Moe Nakamura, Japanese sculptor from Tokyo. Photography © Nozomu Uchida

1.In your opinion what is the role of a museum?

Museum can give unlimited imagination from various angles. Also, I think it is a place where artworks can be preserved over time and the past and the future are connected.

2.What are your favorite museums in the world? Why?

The Hara Museum of Contemporary Art in Japan that will be closed this year has been my favorite.

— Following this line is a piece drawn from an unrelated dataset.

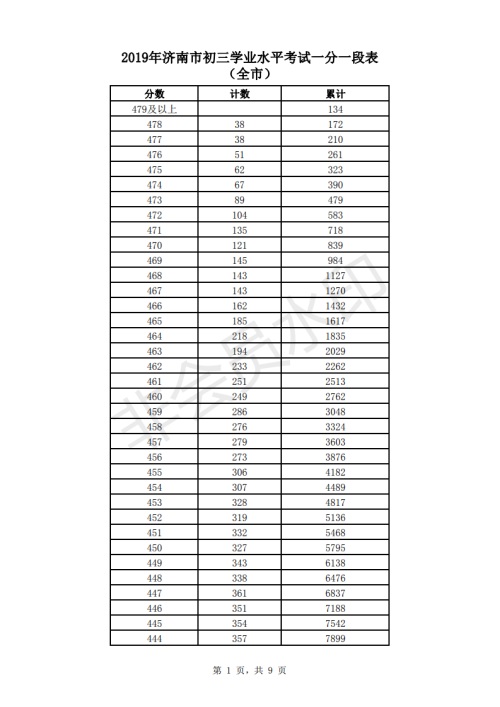 2019年濟南市中考成績一分一段表出爐啦,具體詳情如下所示:
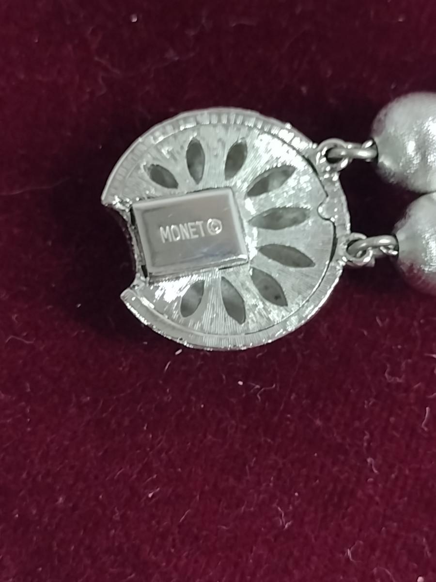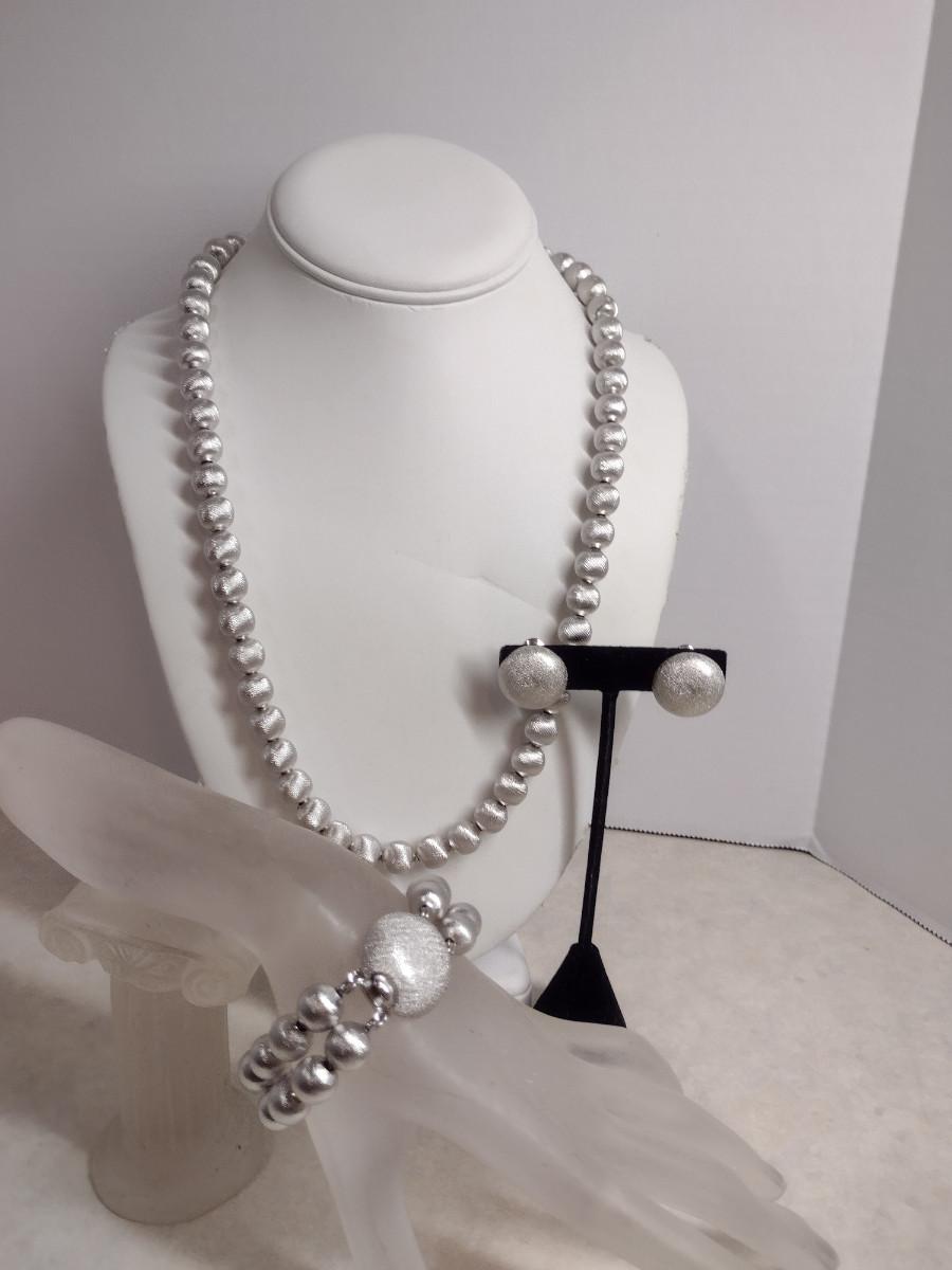 Monet Silver Tone Textured Finish Necklace, Bracelet, and Earring Set (#31). Earrings are clip-on.

Taking advantage of its characteristics as an old mansion, each artist has displayed exhibitions that resonate with the space, and since childhood, I have had many opportunities to visit there with my parents, and it was an art museum that made me excited.

3.How important are social networks in your business? And which platform do you prefer and why?

I want people to come and see the work, so I’m not very active online, but I regularly post my work on Instagram.

4.In particular, due to the coronavirus emergency, how have you changed your business on social networks?

I feel many people are actively using SNS. It seems that SNS has become more important to send information than before. However, because this is the situation, I realize the importance of actually seeing the artwork at the venue.

5.To create greater engagement among museums, artists and professionals, do you have any advice for cultural projects such as #MuseumWeek?

Whether it’s virtual or real, if you have a strong relationship of trust, it will be a big movement.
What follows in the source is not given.